▶ **Dataset entries**:
◆ ◆ ◆ ◆ ◆ ◆ ◆
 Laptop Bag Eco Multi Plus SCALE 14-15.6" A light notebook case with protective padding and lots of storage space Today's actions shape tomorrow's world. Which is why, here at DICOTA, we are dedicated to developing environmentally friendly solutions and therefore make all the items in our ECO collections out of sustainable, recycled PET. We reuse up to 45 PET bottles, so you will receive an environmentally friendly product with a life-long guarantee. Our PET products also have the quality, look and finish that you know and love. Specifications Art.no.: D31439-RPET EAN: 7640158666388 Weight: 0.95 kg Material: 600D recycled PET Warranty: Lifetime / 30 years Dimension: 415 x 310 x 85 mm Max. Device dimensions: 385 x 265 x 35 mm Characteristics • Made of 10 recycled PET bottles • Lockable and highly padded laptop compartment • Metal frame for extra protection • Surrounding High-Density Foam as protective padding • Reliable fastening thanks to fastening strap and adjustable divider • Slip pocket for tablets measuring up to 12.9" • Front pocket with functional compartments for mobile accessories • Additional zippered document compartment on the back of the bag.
◆ ◆ ◆ ◆ ◆ ◆ ◆
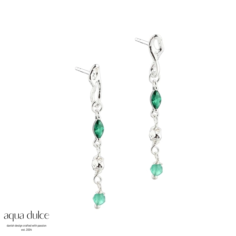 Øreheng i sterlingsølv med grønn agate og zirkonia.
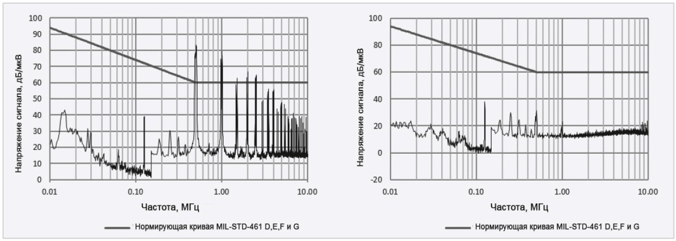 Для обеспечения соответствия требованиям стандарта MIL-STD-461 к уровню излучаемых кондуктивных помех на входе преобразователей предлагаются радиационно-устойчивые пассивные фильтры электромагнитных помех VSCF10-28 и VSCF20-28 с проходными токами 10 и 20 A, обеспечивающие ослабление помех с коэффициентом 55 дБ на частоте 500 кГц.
◆ ◆ ◆ ◆ ◆ ◆ ◆
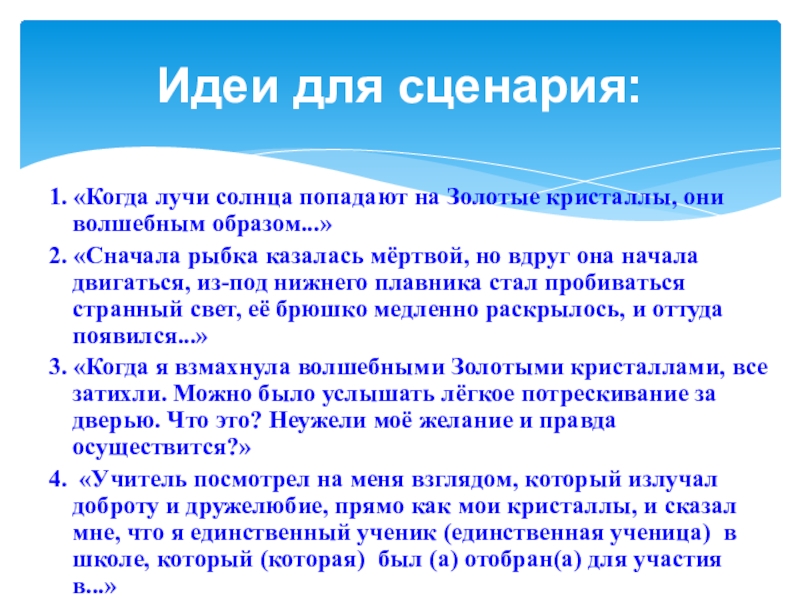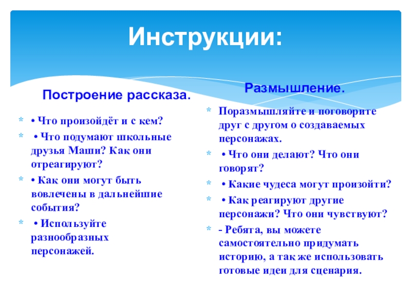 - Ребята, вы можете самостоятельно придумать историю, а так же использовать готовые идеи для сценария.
◆ ◆ ◆ ◆ ◆ ◆ ◆
▶ **Task details**: Output only the lines above from the line that holds "Øreheng i sterlingsølv" through the line that holds "Для обеспечения соответствия", both ends included, and exclude pictures.

▶ **Reply to the task**:
 Øreheng i sterlingsølv med grønn agate og zirkonia.
 Для обеспечения соответствия требованиям стандарта MIL-STD-461 к уровню излучаемых кондуктивных помех на входе преобразователей предлагаются радиационно-устойчивые пассивные фильтры электромагнитных помех VSCF10-28 и VSCF20-28 с проходными токами 10 и 20 A, обеспечивающие ослабление помех с коэффициентом 55 дБ на частоте 500 кГц.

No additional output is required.